- [Working data]:
++++++++++++++++++++

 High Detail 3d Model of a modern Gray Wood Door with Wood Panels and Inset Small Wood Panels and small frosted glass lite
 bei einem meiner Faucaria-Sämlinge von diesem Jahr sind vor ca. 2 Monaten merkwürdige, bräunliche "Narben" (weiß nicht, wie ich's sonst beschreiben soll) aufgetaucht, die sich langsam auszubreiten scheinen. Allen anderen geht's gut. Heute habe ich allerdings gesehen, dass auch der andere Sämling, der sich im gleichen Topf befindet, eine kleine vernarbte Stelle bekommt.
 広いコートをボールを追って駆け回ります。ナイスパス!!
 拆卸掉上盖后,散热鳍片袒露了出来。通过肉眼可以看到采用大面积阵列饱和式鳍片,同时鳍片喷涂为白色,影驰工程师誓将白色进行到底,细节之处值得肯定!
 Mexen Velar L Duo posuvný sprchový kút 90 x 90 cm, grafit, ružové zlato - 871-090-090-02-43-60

++++++++++++++++++++

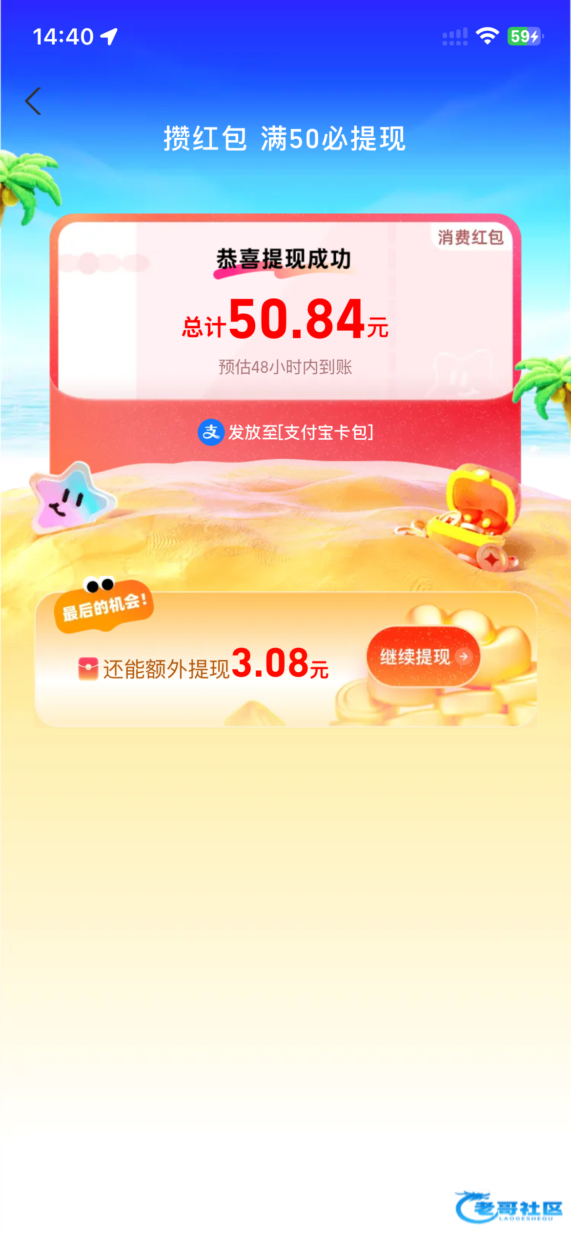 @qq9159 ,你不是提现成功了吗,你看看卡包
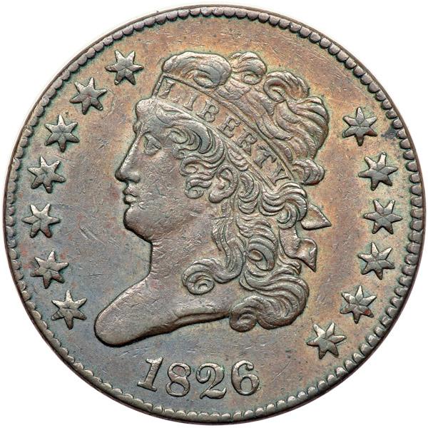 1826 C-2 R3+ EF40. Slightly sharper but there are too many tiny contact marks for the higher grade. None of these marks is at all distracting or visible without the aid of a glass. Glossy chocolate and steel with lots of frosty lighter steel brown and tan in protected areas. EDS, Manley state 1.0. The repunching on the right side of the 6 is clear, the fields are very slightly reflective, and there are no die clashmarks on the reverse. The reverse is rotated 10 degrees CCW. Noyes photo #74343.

++++++++++++++++++++

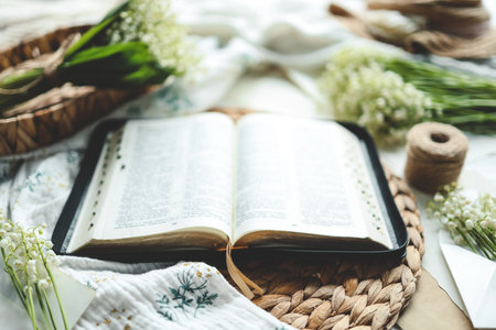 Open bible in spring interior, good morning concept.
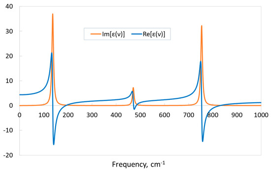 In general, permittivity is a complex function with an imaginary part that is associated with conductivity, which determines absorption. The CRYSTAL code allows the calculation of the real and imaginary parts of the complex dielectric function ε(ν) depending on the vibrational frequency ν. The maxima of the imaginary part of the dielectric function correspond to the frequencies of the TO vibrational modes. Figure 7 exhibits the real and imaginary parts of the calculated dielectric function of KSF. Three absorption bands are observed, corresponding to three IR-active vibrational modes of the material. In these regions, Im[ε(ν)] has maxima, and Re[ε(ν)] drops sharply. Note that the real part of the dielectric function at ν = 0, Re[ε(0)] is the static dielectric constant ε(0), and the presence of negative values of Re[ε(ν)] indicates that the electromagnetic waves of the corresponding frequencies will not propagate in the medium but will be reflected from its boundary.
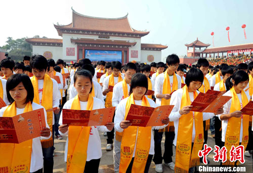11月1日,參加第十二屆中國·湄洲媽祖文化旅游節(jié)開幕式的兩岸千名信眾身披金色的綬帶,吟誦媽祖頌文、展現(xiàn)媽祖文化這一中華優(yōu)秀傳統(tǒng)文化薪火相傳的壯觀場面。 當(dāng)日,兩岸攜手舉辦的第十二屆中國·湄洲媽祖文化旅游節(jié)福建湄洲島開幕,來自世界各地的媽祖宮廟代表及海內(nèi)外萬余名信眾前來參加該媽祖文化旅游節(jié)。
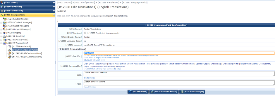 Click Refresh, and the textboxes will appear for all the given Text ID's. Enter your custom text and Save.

++++++++++++++++++++

- [Assignment]: In the listing above, find the line containing "High Detail 3d" and the line containing "拆卸掉上盖后,散热鳍片袒露了", then retype both and every line between them exactly, with nothing else.

- [Written response]:
 High Detail 3d Model of a modern Gray Wood Door with Wood Panels and Inset Small Wood Panels and small frosted glass lite
 bei einem meiner Faucaria-Sämlinge von diesem Jahr sind vor ca. 2 Monaten merkwürdige, bräunliche "Narben" (weiß nicht, wie ich's sonst beschreiben soll) aufgetaucht, die sich langsam auszubreiten scheinen. Allen anderen geht's gut. Heute habe ich allerdings gesehen, dass auch der andere Sämling, der sich im gleichen Topf befindet, eine kleine vernarbte Stelle bekommt.
 広いコートをボールを追って駆け回ります。ナイスパス!!
 拆卸掉上盖后,散热鳍片袒露了出来。通过肉眼可以看到采用大面积阵列饱和式鳍片,同时鳍片喷涂为白色,影驰工程师誓将白色进行到底,细节之处值得肯定!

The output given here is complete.